You just have to ask yourself how much insurance you need if you live a long life and how much more you need if you died young (like today.)

You usually need some term (temporary insurance) and some whole life.

You are thinking about the cash value wrong. If you have $100,000 WL policy, it starts as $100,000 of insurance an no cash value.

Later it will be $20,000 of cash value and $80,000 insurance= $100,000 death benefit.

Later yet it will be $60,000 cash value and $40,000 insurance= $100,000 death benefit.

As you get older, the insured amount reduces and the cash value makes up part of your death benefit. This is how they keep the premium level your entire life.

Those examples are straight whole-life that don't increase. Some policies have increasing benefit (through policy design or through dividends).

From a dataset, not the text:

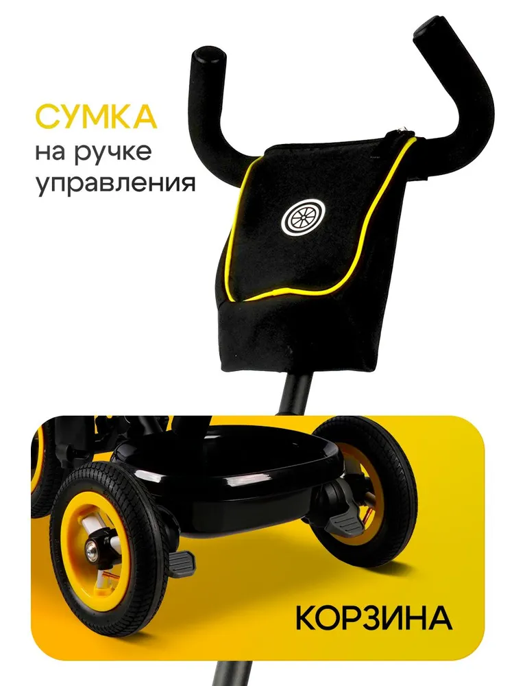 Велосипед трёхколёсный с ручкой ПРАЙМ PLUS (колёса надув.,10"/8", муз. модуль) желтый (арт. ВЛ-5499)

The concept is the same but everything goes up and is more complicated to follow the numbers.

There is also GUL which is basically lifetime term. It's term that lasts to age 121. It does not have usable cash value.

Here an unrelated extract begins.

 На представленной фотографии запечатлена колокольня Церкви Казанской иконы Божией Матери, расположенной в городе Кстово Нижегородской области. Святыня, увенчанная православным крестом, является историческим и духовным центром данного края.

And if you feel bad for the mythical Dave Ramsey fan who thought they were supposed to get the cash value AND the full death benefit on whole-life and felt screwed...think how bad all the people who paid thousands of dollars into his non-convertable but guaranteed renewable term policies for 20-years and find out their premium goes from $80 monthly to $1,150 monthly at the 20th year and they are now uninsurable because they have cancer?

They get NO cash value, NO death benefit and NO return of premium and they can't even convert to a permanent policy if they followed his advice. Who do you think feels the most screwed the most often?
 
Thanks, I don't remember ever having it explained to me that way...that is pretty clear.. Thanks. I've had agents say that you get the cash value added to the death benefits and from what I have learned you get one or the other....
Thanks for clearing that up.

I guess with dividends, it just buys up more insurance or that one is an exception I think is what you are saying.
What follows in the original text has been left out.